Moved to the shows sectio.


----------



## Trice (Oct 4, 2006)

Moved to the shows section.


----------



## Durhamchance (Mar 21, 2008)

I'm going :2thumb:


----------



## Kami22 (Apr 21, 2008)

Do you need tickets? and what time does it start cos I really wanna go!


----------



## Durhamchance (Mar 21, 2008)

Kami22 said:


> Do you need tickets? and what time does it start cos I really wanna go!
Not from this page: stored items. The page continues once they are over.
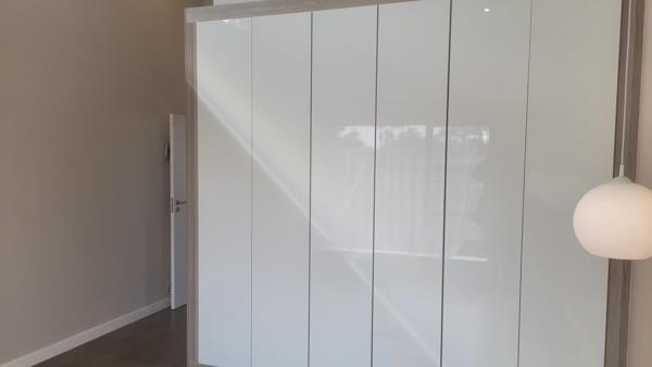 Two tiled bedrooms with glossy finished, handleless, built in cupboards.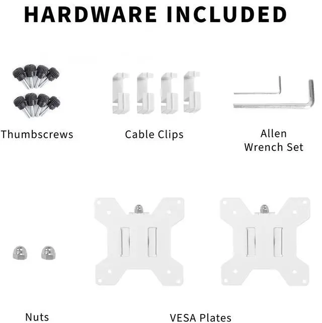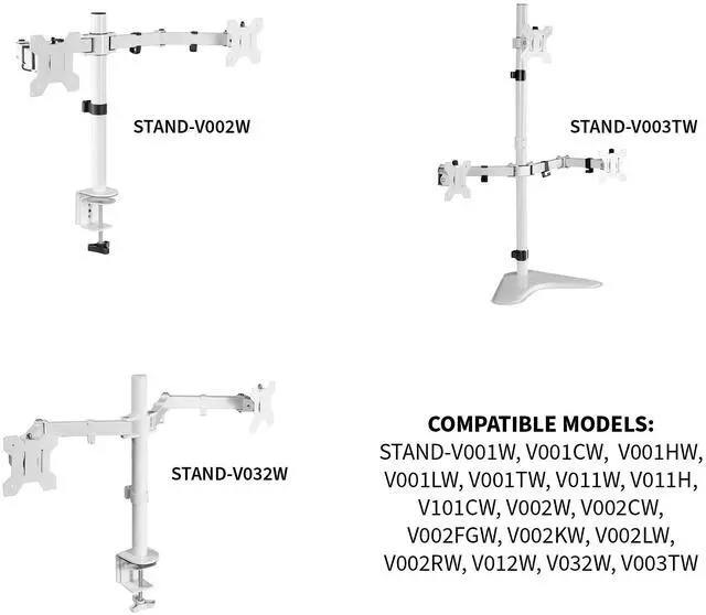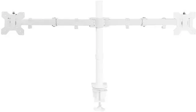 Save desk space and increase productivity by turning your current stand into a dual monitor setup with double monitor arm (PT-SD-AM02AW) from VIVO! Made to support 13" to 27" screens, this solid steel item is designed for sturdiness, scratch resistance, and durability with a sleek white color that blends into any environment. If you currently have a monitor stand and would like to add an adjustable arm designed for two monitor screens, this is the product for you! Featuring full articulation of +80 degrees to -90 degrees tilt, 180 degrees swivel, and 360 degrees rotation for comfortable viewing angles, cable management clips to keep cords organized, and two VESA brackets containing 75x75mm and 100x100mm mounting holes, this arm is ready to enhance your work experience!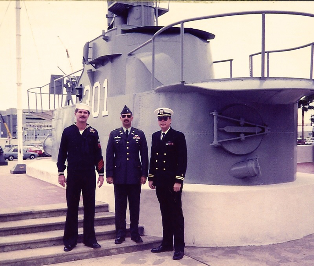 553k | March 1994 - AET1 James J. Scott, USN(RET), WO4 John Harris USANG (Army Aviation - Helicopter Pilot), LT R.J. Hansen, USNR - Former TM2(SS) - Sub Base San Diego Memorial. All three above trained on the Roncador (AGSS-301) as U.S. Naval Sea Cadets 1967-1968. | Photo courtesy of LTJG R.J. Hansen, USNR. | |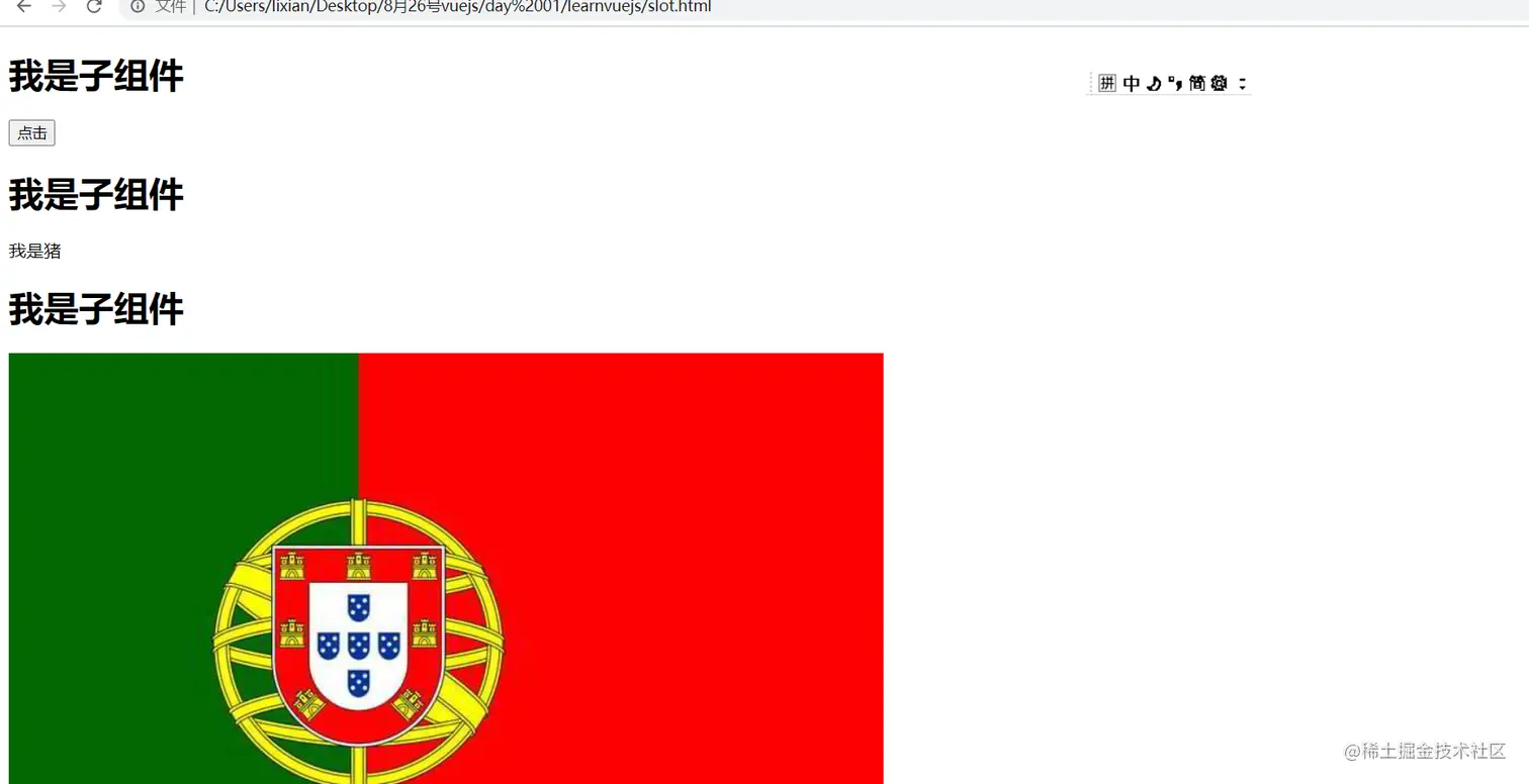 一个组件可能不只有一个插槽,比如说我这里有三个插槽: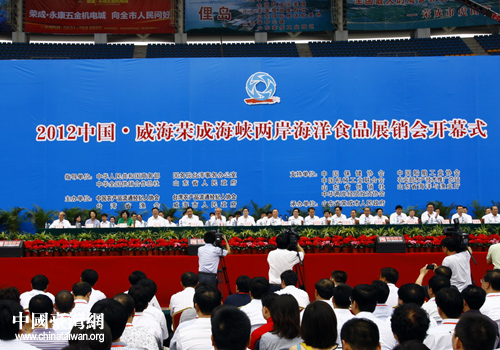 2012中國·威海榮成海峽兩岸海洋食品展銷會在榮成開幕。(圖片來源:威海市臺辦)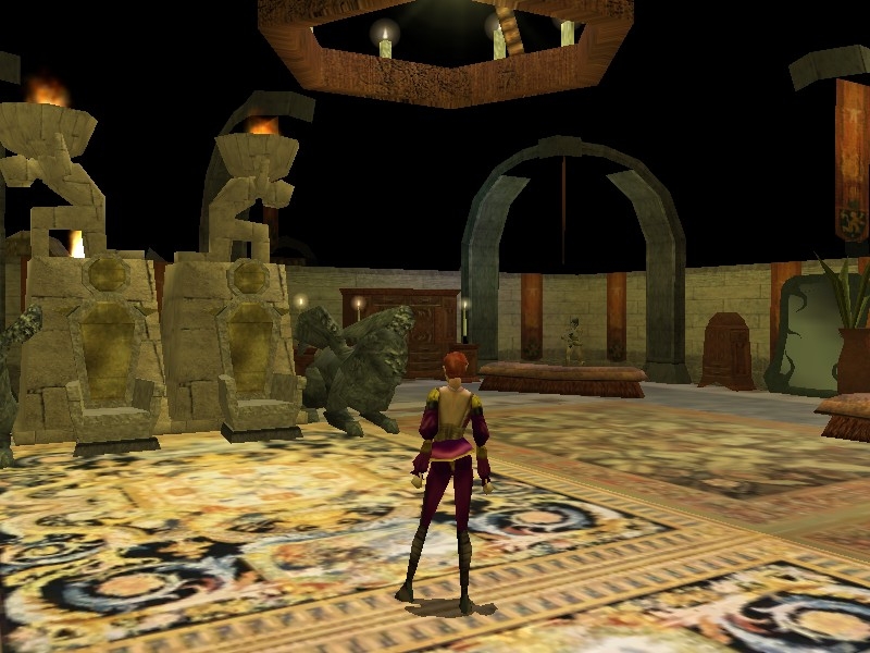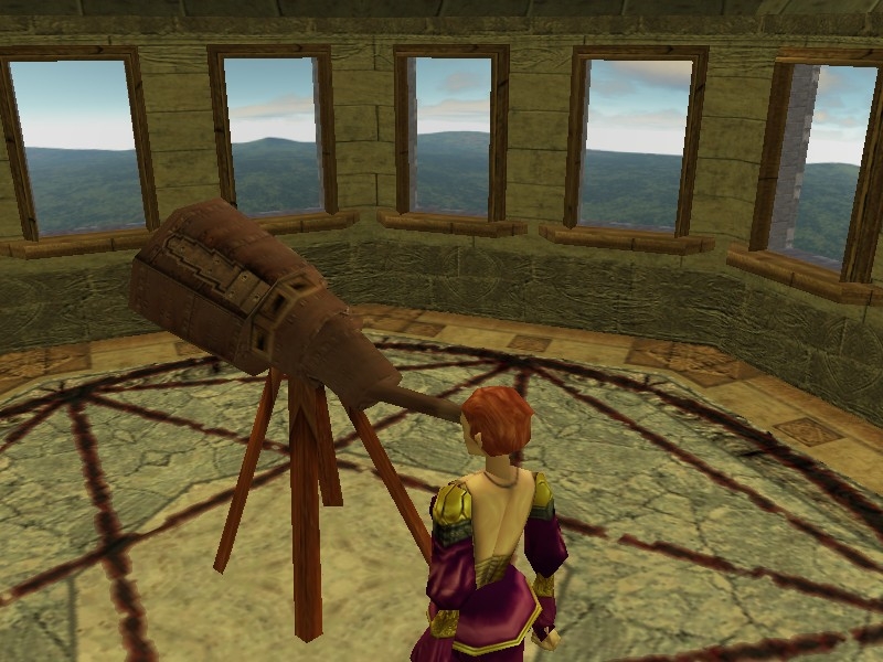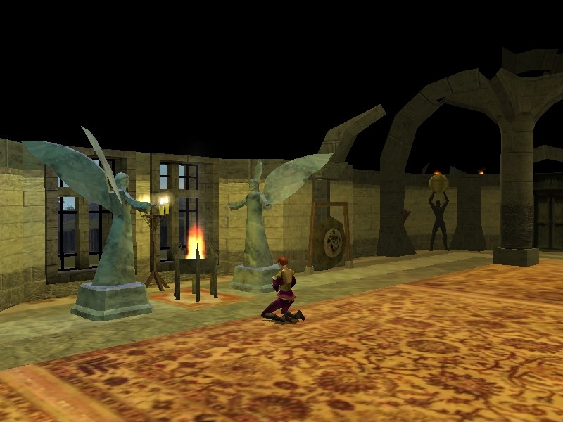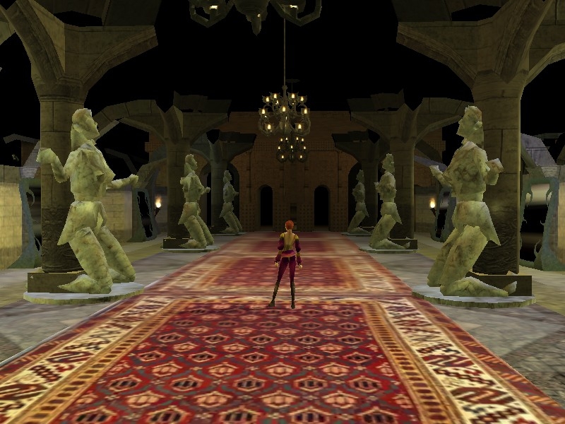 The map itself was mostly based on the Lycaeum as it looked in Ultima 4, but it also contains elements from Ultima 5, such as the Flame chamber, as well as ideas that are of my own imagining. My *primary* idea for the Lycaeum was to make it a Versailles-like palace, so it has a sort of French decor and atmosphere to it. I've also included stairs down that can be linked to lower levels, crypts, or even dungeons if desired by the individual module builder. All in all, this prefab is the definitive Lycaeum for Nwn.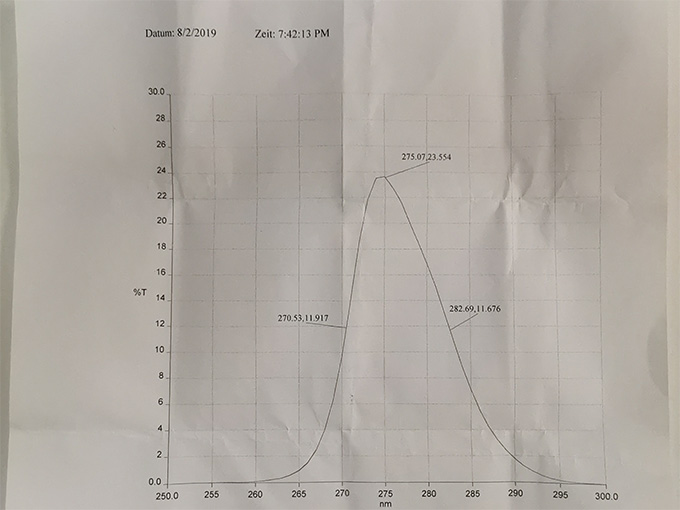 短波UV紫外光,波長介于200-280nm之間,臭氧層對它有強烈的吸收,所以太陽光種這個波段在到地面之間幾乎就被臭氧層吸收了,但是在高新制造中往往要用到這個波段的紫外光,我公司生產的275nm窄帶濾光片便可以滿足該需要。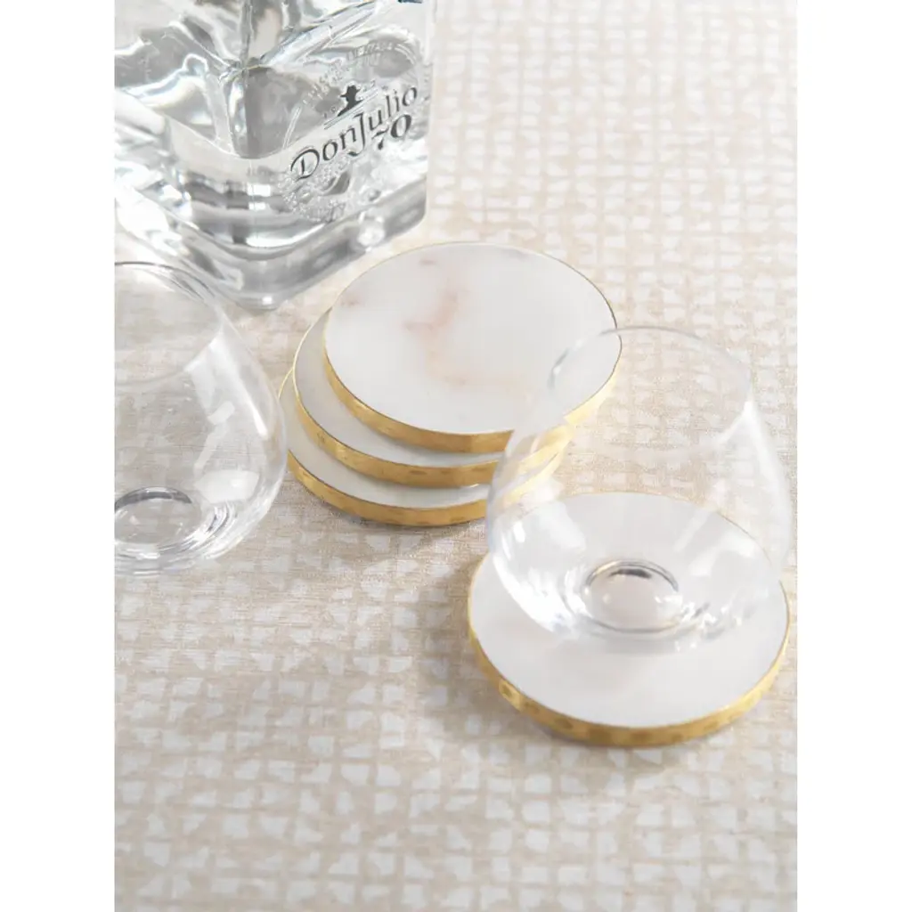 Protect your tabletops and table linens with these stylish marble coasters. These natural, white marble coasters are finished with a painted gold edge. Exuding casual elegance, these coasters offer refined beauty to your space.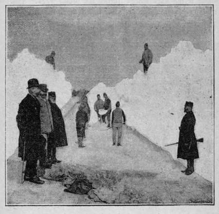Unhappily the departure of the storm was not so sudden as its advent. The Tuesday following the night of tempest was an indescribably wretched day, and the barometer fell to 29·180. Wednesday brought sunshine and hope with it, and afforded the one bright spot in this gloomy record by showing up many effects of wonderful beauty in the snow-covered landscapes. Still the wind was never at rest, though the thermometer went up to 120° in the sun. Thursday followed with more snow, and occasional sharp and ominous squalls, and some apprehension was felt that a repetition of Monday's experience was in the air, but fortunately the week wore away without further calamity, and the work of repairing to some extent the damage done, and thereby making existence for man and beast possible, a task hitherto carried on under tremendous difficulties, was vigorously pushed forward.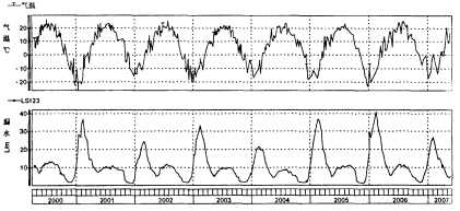 红石电站渗漏量监测项目自动化改造于1999年底完成,2000年正式投入运行,至今已近7年。量水堰自动化观测系统始终运行稳定,观测数据可靠。仅以LS123测点为例,其渗漏量过程曲线见图2.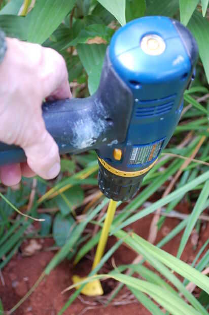 Para el cargo en mi casa, quisimos instalarlo en una cama de flores en el jardín del frente. Usé un 2,75" jardín auger bit ($14 en Home Depot). Tienes que ser paciente-taladro unas cuantas pulgadas a la vez, la suciedad y volver. Pude bajar cerca de 24 pulgadas, así que corte 12 pulgadas de PVC de 10 pies, porque yo sólo quería que fuese 7 pies sobre el suelo cuando se hace.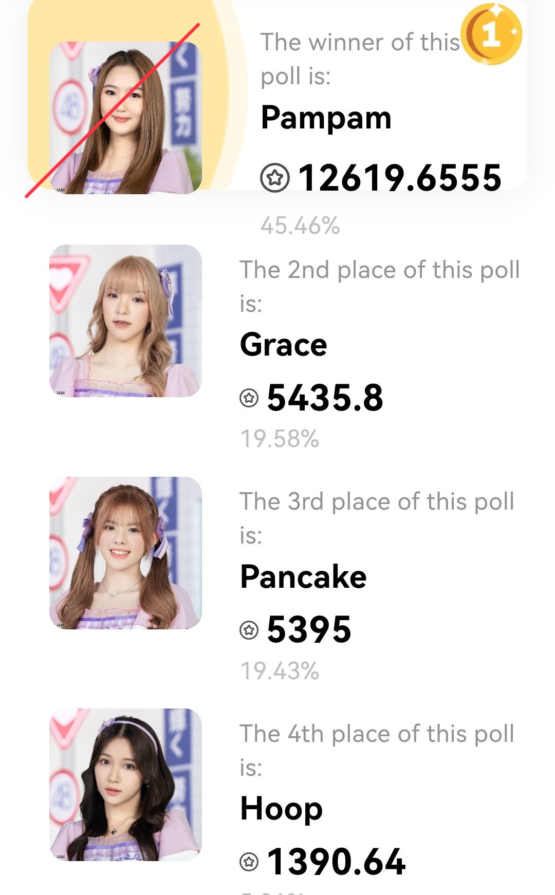 ถ้าไม่รวมคนที่ไม่ลง นิวคะแนนโหวตรองจาก ฮูพ ก็น่าจะติดอันดับเช่นกัน

No, you pay on the door. Non IHS members are £5 each and can get in from 10.15am


----------



## Kami22 (Apr 21, 2008)

Ah thats cool cos we live about 30 mins away... Is it at the arena?


----------



## Durhamchance (Mar 21, 2008)

Its at the dome.


----------



## sulcata2big (Nov 7, 2007)

so whats people going to buy at donny


----------



## Saff (Jun 9, 2007)

im goin!!getting a nice leo!!lol


----------



## byglady (Jun 9, 2007)

We are going, selling leopard geckos,


----------



## jaykickboxer (Feb 11, 2008)

im going!!!!!!gets myself some leos and sell 1!!!!!!!!


----------



## Dirtydozen (Feb 7, 2007)

im going, eill have beardeds, corns rats etc for sale


----------



## blue-saphire (Oct 22, 2007)

sulcata2big said:


> just like to have a look and a chat


chat to me if you want, ill see you there 
ill show you the bci i get :2thumb:


----------



## biglad52002 (Mar 9, 2007)

ill be there should be good


----------